А она сама — не алкоголик? Все ее питье представало теперь в другом свете.

— Машине конец, — сообщил Дэвид. — Ее отбуксировали. — И снова пауза. — Он расстанется со своими правами.

— Знаю, что расстанется. — Линда сдержала зарождающийся скорбный стон. — Нам нужно найти адвоката.

Слишком поздно она услышала это «мы».

Дэвид терпеливо подождал, словно теперь родитель разговаривал с родителем.

— У нас есть адвокат, миссис Фэллон. Наш друг. Очень хороший.

Сидя на кровати, Линда поднесла руку ко лбу, который стал холодным и влажным от этих новостей.

— Ты будешь сообщать мне, — сказала Линда, пытаясь сдержать истерику в голосе. — Ты будешь сообщать мне, как он себя чувствует и что вы сделали. Что вы решили.

Она была уверена, что услышала вздох.

— Конечно, сообщу, — пообещал Дэвид.



Линда легла на кровать. Маркус страдает — от стыда и разбитого колена. И будет страдать еще сильнее на суде и наверняка во время реабилитации, о которой она ничего не знала. Может быть, реабилитация — болезненная физически процедура? Может, она мучительно утомительна? Линда попыталась вспомнить все случаи, когда видела, как Маркус пьет. Когда он учился в университете Брауна, у него в холодильнике было пиво. На пляже он иногда начинал днем с джина с тоником.

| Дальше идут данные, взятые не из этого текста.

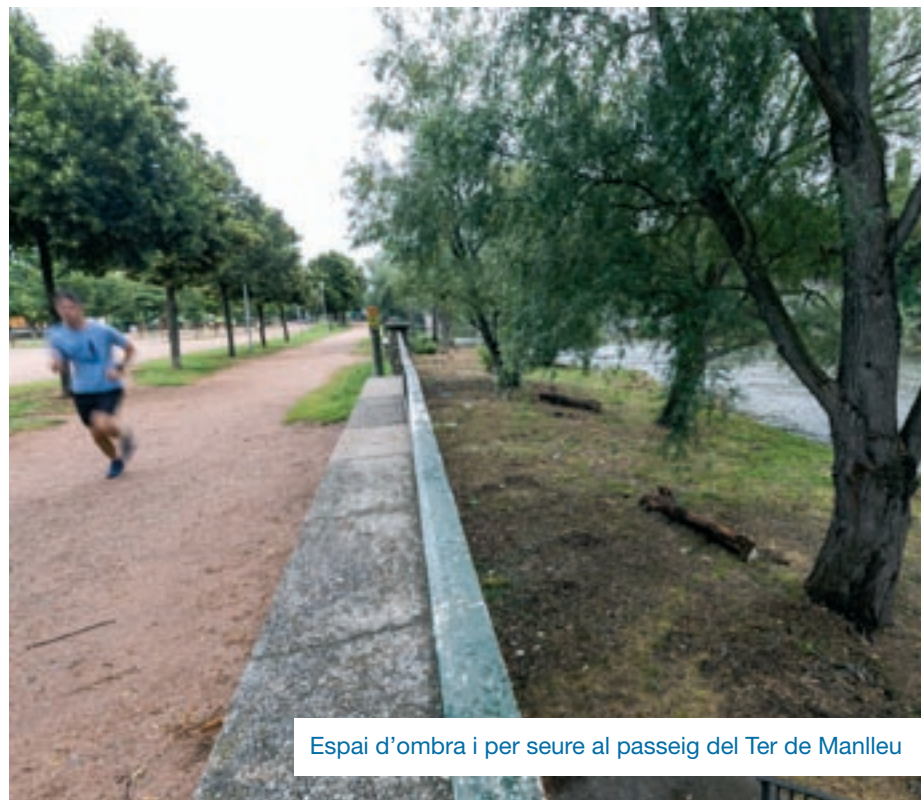
Espai d'ombra i per seure al passeig del Ter de Manlleu

A més, en presentar una major densitat, "el transport públic és molt més eficient". Altres propostes per fer més humanes i respirables les ciutats serien, com apunta el treball, promoure la creació de més superilles i implantar Zones de Baixes Emissions (ZBE).

Тогда она думала, что питье было чем-то радостным и праздничным, просто летней забавой. Но она знала, не так ли? Она знала. И прощала сына, когда был еще шанс осознать слово «проблема», прощала почти так же быстро, как смирилась, когда узнала, что он — гомосексуалист. И тогда она тоже знала. Конечно, знала.

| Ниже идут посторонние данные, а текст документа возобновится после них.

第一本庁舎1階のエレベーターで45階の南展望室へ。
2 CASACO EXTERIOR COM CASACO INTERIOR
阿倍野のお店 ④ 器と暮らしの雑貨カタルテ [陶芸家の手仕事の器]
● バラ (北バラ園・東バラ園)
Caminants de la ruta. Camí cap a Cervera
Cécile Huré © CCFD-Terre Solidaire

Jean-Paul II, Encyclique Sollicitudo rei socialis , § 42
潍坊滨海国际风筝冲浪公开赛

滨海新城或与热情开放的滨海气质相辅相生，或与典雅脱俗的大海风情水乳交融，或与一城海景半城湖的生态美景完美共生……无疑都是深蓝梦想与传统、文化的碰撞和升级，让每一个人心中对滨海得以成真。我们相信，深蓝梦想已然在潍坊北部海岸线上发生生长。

В ней нарастало отчаяние, смешанное с раздражением. Она оглядела комнату, и ее роскошь поблекла от этих новостей из дома. Линда встала с кровати и принялась расхаживать, скрестив руки на груди. Она говорила с собой, с Маркусом, с Винсентом — слабая имитация того, что было нужно. Она ходила, пока не исчерпала всех слов и не подумала, что должна выйти из этой комнаты. Иначе она сойдет с ума.

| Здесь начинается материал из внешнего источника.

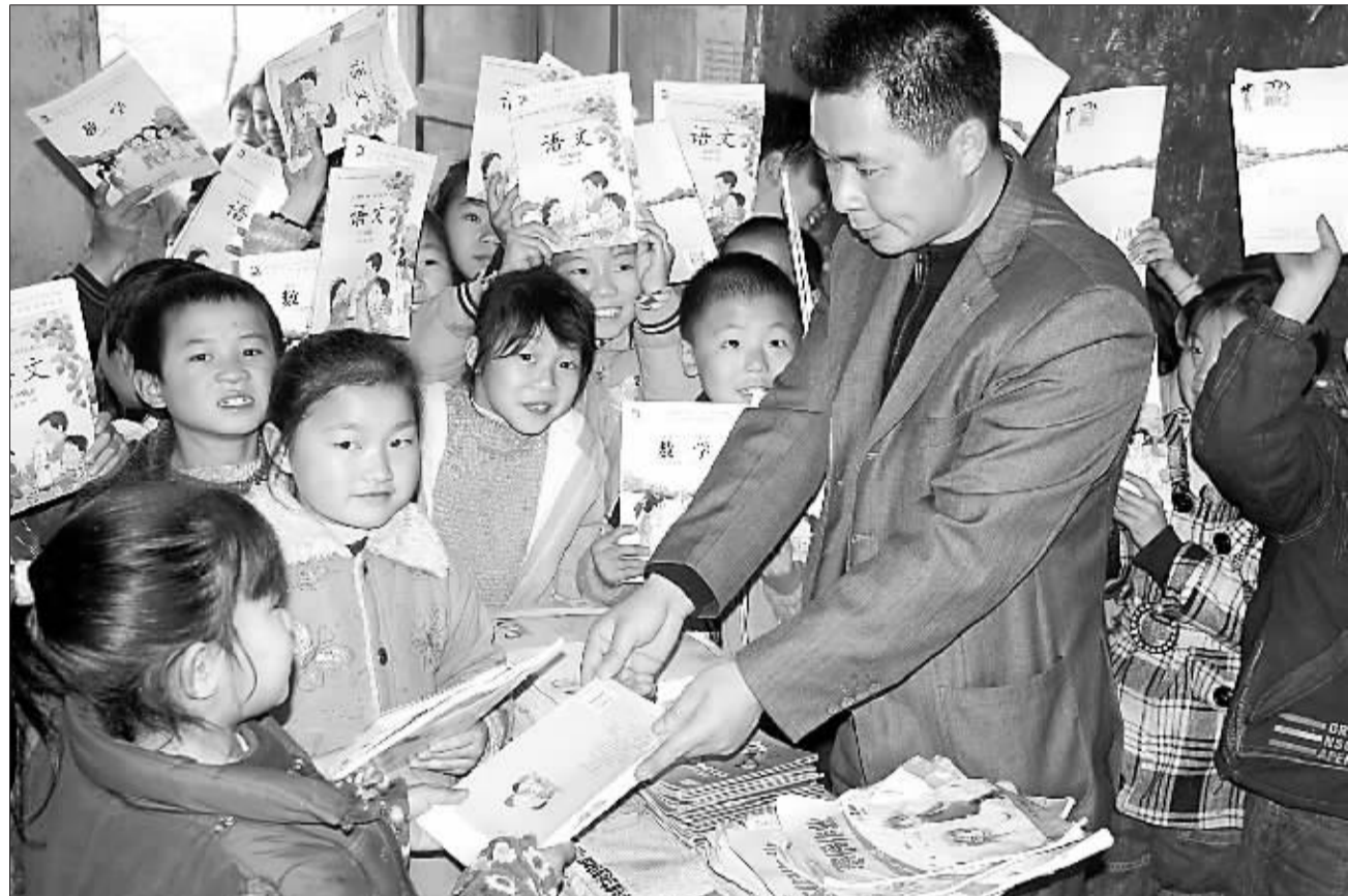
邵阳县若门小学农民工子女领到新书。

2月10日,湖南省邵阳县若门小学22名返乡农民工子女免费领到新书。当日,邵阳县中小学如期开学,近5000名随家长一起返乡滞留本地的农民工子女顺利办理转学接收手续,无需交纳入学费用。他们也享受义务教育阶段“两免一补”的政策。

Линда с опозданием присоединилась к мероприятию в номере для приемов; уже почти подошло время собираться на ужин. Шум был громче, чем накануне (больше выпивки в последний день фестиваля?). Нет, это было что-то еще: температура праздника поднялась на градус или два от торжественности происходящего, чего раньше не хватало. В центре самой большой группы стояла миниатюрная женщина, одетая в мышиные цвета. Хлопнула фотовспышка, Линда попыталась увидеть, что происходит, но не захотела присоединяться к толпе — природная скромность взяла верх над любопытством. Она подошла к бару и заказала пиво, но, вспомнив Маркуса, передумала. Вместо этого взяла с блюдца сыр бри, крекеры и пикули. Ее рот был полон, когда рядом появился австралиец, которым теперь пренебрегали.

— Вы слышали новость? — обратился он к ней.

— Какую новость? — Она приложила к губам салфетку.

Он выглядел самым здоровым из всех находящихся в помещении: подтянутый и загорелый, похожий скорее на человека, который зарабатывает на жизнь, управляясь с лошадьми, а не со словами. В его стране сейчас была осень.

Новость действительно удивила ее: пока они с Томасом были на пароме, маленькая женщина мышиного цвета получила престижную премию.

— Я бы сказал, счастливица, — весело подытожил австралиец. Линда обернулась и заметила то, чего не замечала раньше, — бутылки шампанского в корзинках на столе.

— Не уверена, что я когда-то о ней слышала.